Tune Talk has deployed a cloud-native 5G core network using Nokia’s complete 5G Core software stack on AWS public cloud infrastructure.
The deployment uses a hybrid cloud topology: Tune Talk runs the network control plane in the AWS Malaysia region to benefit from centralized cloud scalability, while the user plane operates locally on AWS Outposts at the network edge. This hybrid design meets strict telecom latency requirements while maintaining high throughput and predictable performance.
Edge components run on bare-metal instances built on the AWS Nitro architecture. Nitro separates virtualization functions and allocates dedicated hardware resources directly to containerized network functions (CNFs) to ensure performance, security, and resiliency in the edge environment.
The solution integrates Nokia’s telecom software with AWS infrastructure, including containerized subscriber data management, session management, and policy control functions managed through orchestration platforms. Achieving carrier-grade availability in a public cloud required deploying the first AWS RP gateway in Southeast Asia and close engineering collaboration between Nokia and AWS to meet high availability and reliability targets.
Phased migration and the shift to agentic automation
Tune Talk migrated from a traditional on-premises MVNO setup to an architecture able to support full Mobile Network Operator (MNO) capabilities through a phased approach rather than an immediate cutover.
The initial phase involved lifting legacy workloads into a standard cloud environment. This step stabilized operations and provided a baseline before re-architecting services for a cloud-native deployment in partnership with Nokia and Mavenir.
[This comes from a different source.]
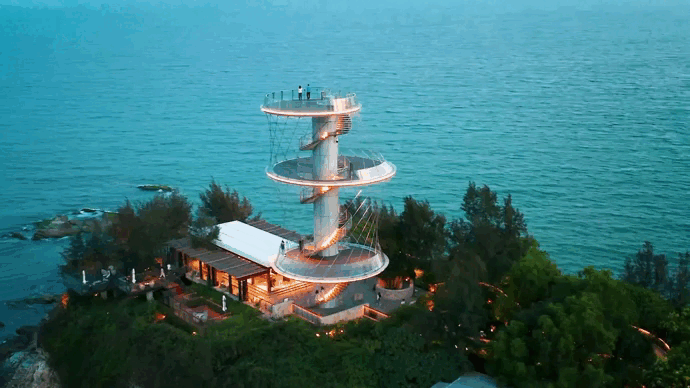 下午建议可前往出片圣地【悬崖礁石酒吧】。牛头岭风景区因形似青牛而得名,背靠飞凤山群峦叠嶂,面迎南海万顷碧涛。怀卧 " 牛角湾、礁石湾、情人湾 " 沙滩街;环抱 " 牛头岭、牛腿岭、牛脚岭 " 的全生态景区,被誉为生态游的最佳地点。
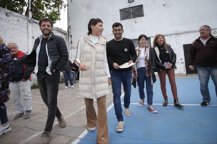 La intendenta de Quilmes, Mayra Mendoza, estuvo este miércoles en la Sociedad de Fomento José Hernández, ubicada en calle 820 Nº 656, de Quilmes Oeste, donde se está construyendo una estructura de contención para su cancha de cemento, en el marco del apoyo a clubes de barrio y entidades que impulsa la Comuna.

Managing a distributed cloud continuum demanded a major change to conventional operations. Tune Talk introduced an agentic AI framework powered by AWS Agent Core Bedrock to automate day-two operations. This agentic system runs automated root cause analysis (RCA) across the network fabric, detecting faults across multi-tenant environments without manual log inspection.
During traffic surges, the AI dynamically scales infrastructure capacity. It also manages In-Service Software Upgrades (ISSU), enabling Tune Talk to apply patches to core network components without dropping active subscriber sessions. In effect, CI/CD pipelines become a self-healing operations layer that automates remediation and capacity adjustments.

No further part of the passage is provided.